Нет, все же он был не обычным, пожалуй, староват для такой профессии. И он как-то очень уж недовольно смотрел на Рыжова, словно что-то хотел сказать, но не говорил, потому что… Вот этого Рыжов не знал, не понимал. Он только попробовал незаметно сунуть свой наган сзади за брюки, и оправил пиджак, чтобы его не было видно. Поднял подбородок в немом вопросе, официант понял это по-своему и стал объяснять:

– Нам, милостивый государь, не положено по номерам-то ужины разносить… Внизу работы полно, заняты все очень. – Он потоптался, видимо, это было еще не все, что он хотел сказать. – Я уж по старой памяти, еще когда до империалистической тут служил, решил вас уважить.

– Да, да, – согласился Рыжов, он не понимал, что проиходит. – Спасибо.

– В таких случаях, – продолжил официант, вдруг набычившись, – чистые господа чаевые-с давали, уж не обессудьте, если что-то не то говорю…

Рыжов дернулся, он вдруг понял, как его, командира красной армии и нынешнего сотрудника ОГПУ, оценивает этот официант – как «чисторого» господчика, из старых… Но делать нечего, он выволок из кармана измятую треху, на миг заколебался, а хватит ли? Но уловил жадный блеск в глазах почтенного служащего, и еще… Да, еше увидел бутылку водки на подносе, рядом с изрядного размера фужером. И протянул деньги.

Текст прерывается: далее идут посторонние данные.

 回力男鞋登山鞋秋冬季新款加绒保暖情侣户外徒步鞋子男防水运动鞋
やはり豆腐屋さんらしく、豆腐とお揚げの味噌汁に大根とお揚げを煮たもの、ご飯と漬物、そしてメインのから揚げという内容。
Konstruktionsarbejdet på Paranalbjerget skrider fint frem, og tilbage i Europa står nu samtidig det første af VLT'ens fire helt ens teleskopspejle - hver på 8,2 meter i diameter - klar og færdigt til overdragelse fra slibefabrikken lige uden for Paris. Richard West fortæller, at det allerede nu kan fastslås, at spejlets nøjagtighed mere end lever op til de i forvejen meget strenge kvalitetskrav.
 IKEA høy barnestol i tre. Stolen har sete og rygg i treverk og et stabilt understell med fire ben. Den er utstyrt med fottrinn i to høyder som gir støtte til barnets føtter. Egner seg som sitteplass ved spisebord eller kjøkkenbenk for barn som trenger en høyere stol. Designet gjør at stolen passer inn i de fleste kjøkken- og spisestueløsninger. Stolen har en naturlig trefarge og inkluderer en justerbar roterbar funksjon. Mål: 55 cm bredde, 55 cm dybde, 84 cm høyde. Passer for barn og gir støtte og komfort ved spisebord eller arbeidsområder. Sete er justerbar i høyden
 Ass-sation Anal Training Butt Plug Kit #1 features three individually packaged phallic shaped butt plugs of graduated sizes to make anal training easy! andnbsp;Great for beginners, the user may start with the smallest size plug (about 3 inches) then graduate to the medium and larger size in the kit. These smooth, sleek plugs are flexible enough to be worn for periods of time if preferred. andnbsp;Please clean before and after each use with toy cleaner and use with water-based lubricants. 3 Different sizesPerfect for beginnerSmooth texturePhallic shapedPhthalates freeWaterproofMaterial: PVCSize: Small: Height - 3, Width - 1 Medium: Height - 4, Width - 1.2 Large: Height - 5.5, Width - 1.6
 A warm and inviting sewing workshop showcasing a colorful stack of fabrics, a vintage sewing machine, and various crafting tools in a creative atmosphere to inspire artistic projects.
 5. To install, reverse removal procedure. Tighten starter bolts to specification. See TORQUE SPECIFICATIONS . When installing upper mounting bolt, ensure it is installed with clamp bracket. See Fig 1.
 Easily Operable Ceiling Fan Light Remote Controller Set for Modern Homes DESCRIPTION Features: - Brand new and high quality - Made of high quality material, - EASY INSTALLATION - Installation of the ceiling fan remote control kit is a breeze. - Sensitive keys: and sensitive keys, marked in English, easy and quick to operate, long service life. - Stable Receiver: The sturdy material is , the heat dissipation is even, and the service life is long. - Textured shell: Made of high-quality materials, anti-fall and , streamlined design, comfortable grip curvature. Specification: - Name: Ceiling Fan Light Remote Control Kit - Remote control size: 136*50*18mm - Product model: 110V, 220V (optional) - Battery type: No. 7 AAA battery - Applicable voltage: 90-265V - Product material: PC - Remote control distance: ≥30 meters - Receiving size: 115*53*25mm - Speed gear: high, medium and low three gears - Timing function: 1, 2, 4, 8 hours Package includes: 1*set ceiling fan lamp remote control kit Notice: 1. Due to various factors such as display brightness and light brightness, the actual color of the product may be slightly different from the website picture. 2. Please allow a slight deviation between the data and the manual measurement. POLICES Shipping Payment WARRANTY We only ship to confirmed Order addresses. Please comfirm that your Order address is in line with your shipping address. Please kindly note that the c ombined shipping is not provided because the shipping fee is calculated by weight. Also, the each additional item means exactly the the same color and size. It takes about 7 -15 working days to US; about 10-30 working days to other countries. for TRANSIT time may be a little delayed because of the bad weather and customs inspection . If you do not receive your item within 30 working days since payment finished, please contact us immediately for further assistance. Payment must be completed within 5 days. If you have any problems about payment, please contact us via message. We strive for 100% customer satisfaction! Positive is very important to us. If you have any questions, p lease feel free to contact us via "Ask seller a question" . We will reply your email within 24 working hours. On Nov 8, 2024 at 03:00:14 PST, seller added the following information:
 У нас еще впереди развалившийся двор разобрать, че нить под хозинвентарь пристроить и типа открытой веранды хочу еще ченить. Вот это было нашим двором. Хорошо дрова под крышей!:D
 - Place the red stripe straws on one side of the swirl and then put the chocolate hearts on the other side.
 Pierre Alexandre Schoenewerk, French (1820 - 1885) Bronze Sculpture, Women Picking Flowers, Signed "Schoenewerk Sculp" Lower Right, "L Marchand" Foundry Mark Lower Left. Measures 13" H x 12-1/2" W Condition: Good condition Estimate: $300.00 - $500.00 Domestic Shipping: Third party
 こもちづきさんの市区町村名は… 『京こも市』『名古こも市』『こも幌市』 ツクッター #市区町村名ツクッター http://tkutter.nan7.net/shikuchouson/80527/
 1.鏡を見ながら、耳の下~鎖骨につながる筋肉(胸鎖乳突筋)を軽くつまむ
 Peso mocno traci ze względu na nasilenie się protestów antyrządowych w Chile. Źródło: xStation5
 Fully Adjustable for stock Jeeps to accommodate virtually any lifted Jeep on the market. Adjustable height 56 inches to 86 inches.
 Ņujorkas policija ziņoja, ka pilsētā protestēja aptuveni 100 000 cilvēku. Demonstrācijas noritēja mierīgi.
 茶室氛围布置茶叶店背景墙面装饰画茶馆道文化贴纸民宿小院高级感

– Поставьте вон там, на маленький столик.

Официант все исполнил, зачем-то еще включил свет в прихожей, постоял, и все-таки исчез. Рыжов запер дверь, тут же скинул пиджак, выволок револьвер, бросил его на кровать, ближе к портфелю, он мог еще ночью понадобиться, хотя, конечно, лучше бы не понадобился.

Сел в кресло и почти с радостью налил себе водки, выпил, посидел, ощущая, как алкоголь расходится по желудку, по жилам, как плавится его страх и ужас. Налил еще, снова выпил, на этот раз едва не поперхнулся, все же много оказалось водки для одного глотка в этом фужере, а Рыжов знал за собой такую особенность – никогда не был силен в выпивке, не успел привыкнуть на гражданской, а потом как-то не до того было, да и презирал он этот порок.

Ужин, все же, оказался очень хорошим, блинчики с селедочкой, как закуска, уха из какой-то мелкой, но такой приятной рыбешки, отличная каша со свинной вырезкой и что-то еще… Он даже и не понял, что именно, потому что внезапно все кончилось, он наелся, а водки осталось едва ли половина бутылки. Все-таки слишком резво он навалился на нее, не следовало так.

А потом он попробовал думать. Даже наган подтащил под себя, в прямом смысле уселся на него, хотя дверь и была закрыта, и если бы снова постучали, успел бы до него дотянуться. Самое обидное, когда жевал, когда уничтожал всю эту отличную снедь, страх отступил, зато когда попробовал пить дальше, страх вернулся. И водка, как выяснилось, не помогала. Вернее, что-то от нее внутри тупело, не было уже таким острым, режущим, но осознание страшной, смертельной и бесславной опасности не проходило.